3.3. Cadre théorique et posture scientifique pour la gestion de l’environnement

3.3.2.1 A NALYSE DU SYSTÈME DE GESTION EFFECTIVE

3.3.2.1.2. Les enquêtes

Deux types d’entretiens semi directifs ont été menés : le premier, appliqué à tous les acteurs, a pour but de connaître leur vision sur le développement économique, social et environnemental de la commune, leur rôle et leur action théorique ou réelle sur l’environnement et enfin la vision qu’ils ont des autres acteurs. Le second type d’enquêtes concerne exclusivement les acteurs ayant une action directe sur l’environnement (agriculteurs, caboclos et forestiers), a pour but de caractériser les systèmes de production et les pratiques de gestion de l’environnement qu’ils ont développés jusqu'à aujourd’hui.

Pour caractériser les systèmes de production des agriculteurs, une entrée classique, celle de l’orientation productive des exploitations, est utilisée. Le questionnaire a été élaboré à partir des premières enquêtes, effectuées en 1994 et 1997, sur les structures des systèmes de production (Veiga et al., 1996 ; Ferreira, 2001). Nous avons reconstitué l’évolution structurelle de chaque exploitation et l’évolution des pratiques, de protection et d’utilisation des ressources forestières de chaque agriculteur. L’entretien, semi directif, est réalisé en une visite pour les cas les plus simples et a requis jusqu’à quatre passages pour les cas plus complexes (propriétés comprenant plusieurs lots et une grande diversité de systèmes de productions). Les cas les plus simples sont représentés par les colons très récemment installés, ayant un système de production simple. Les cas les plus complexes concernent des colons arrivés au début de la colonisation étant passés par tous les cycles agricoles, ayant un système de production très diversifié sur plusieurs lots. L’entretien avec l’agriculteur et sa famille a

généralement été suivi d’une visite de l’exploitation qui permet de confirmer et de préciser les informations du questionnaire. Les thèmes abordés par les questionnaires sont :

ƒ L’agriculteur et sa famille (lieu d’origine, date d’installation, disponibilité de main d’œuvre, données socioéconomiques générales) ;

ƒ Les caractéristiques de la propriété (nombre de lots, date achat et de vente, distance de la Transamazonienne, etc.) ;

ƒ La production agricole (surfaces en cultures vivrières, en cultures pérennes, en pâturage, les pratiques d’implantation et d’entretien, les pratiques d’élevage avec la formation et la conduite du troupeau, etc.) ;

ƒ Les ressources forestières utilisées (pratique de conservation, pratique d’utilisation, espèce, volume, vente, autoconsommation, pratique de chasse, etc.).

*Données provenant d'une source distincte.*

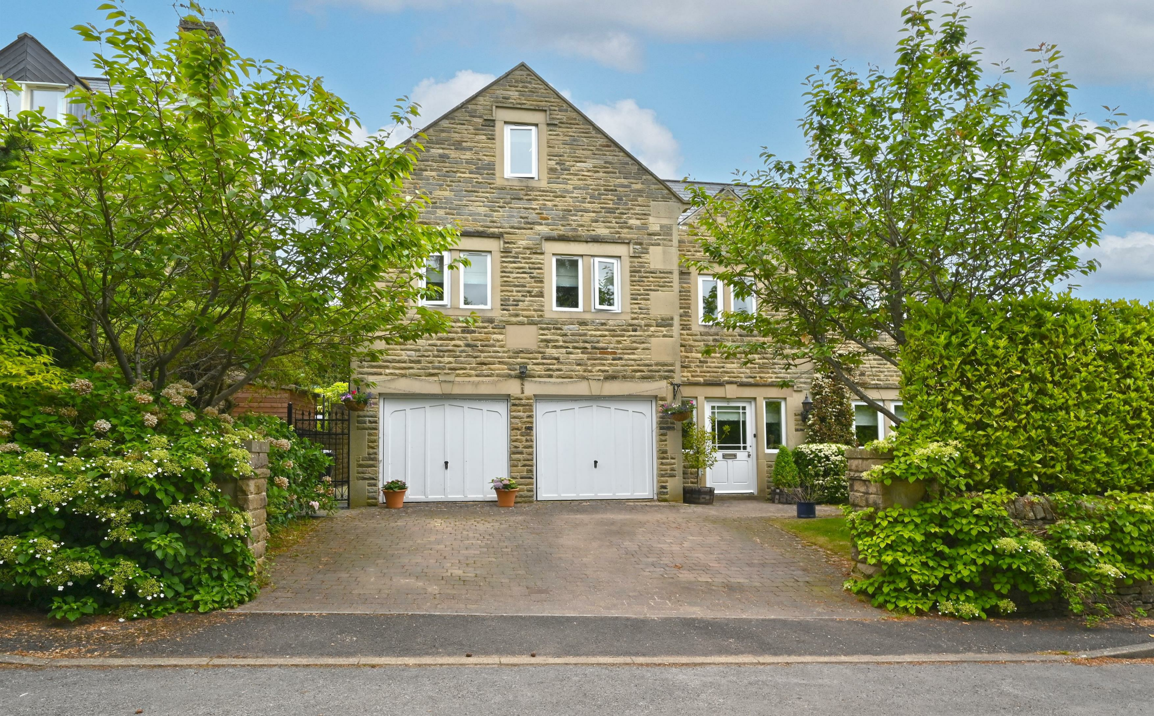
Clifton House, 2 Newfield Place, Dore, Sheffield, S17 3ER
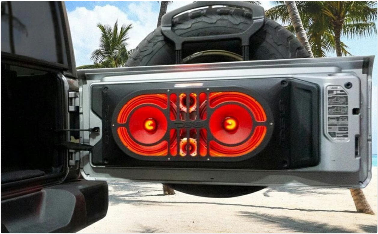
Image 5.1: Detailed view of the speaker and tweeter mounting points within the DS18 JMID enclosure.

Nous avons fait un questionnaire rétrospectif centré sur l’évolution des critères reflétant la diversité agricole de la commune identifiés au cours de la thèse de Ferreira (2001) (surface totale, main-d’œuvre, nombre de bovins, nombre de pieds cultures pérennes, cultures vivrières). Nous avons porté une attention particulière à l’apparition, l’évolution et la disparition éventuelle de ces critères au sein des systèmes de production. Par exemple, pour le cheptel bovin, quand est-ce que la ou les premières vaches ont été achetées, pourquoi ? Comment le cheptel a été constitué (achat, échange, croissance naturelle, gardiennage) ? A quel rythme annuel le troupeau s’est accru (quel a été le plus gros achat de bétail) ? Y a-t-il eu un événement qui a fait chuter le troupeau de manière importante (vente de bétail pour besoin financier, problème sanitaire du troupeau, etc.). Les agriculteurs se rappellent bien des événements qui ont marqué fortement leur système de production.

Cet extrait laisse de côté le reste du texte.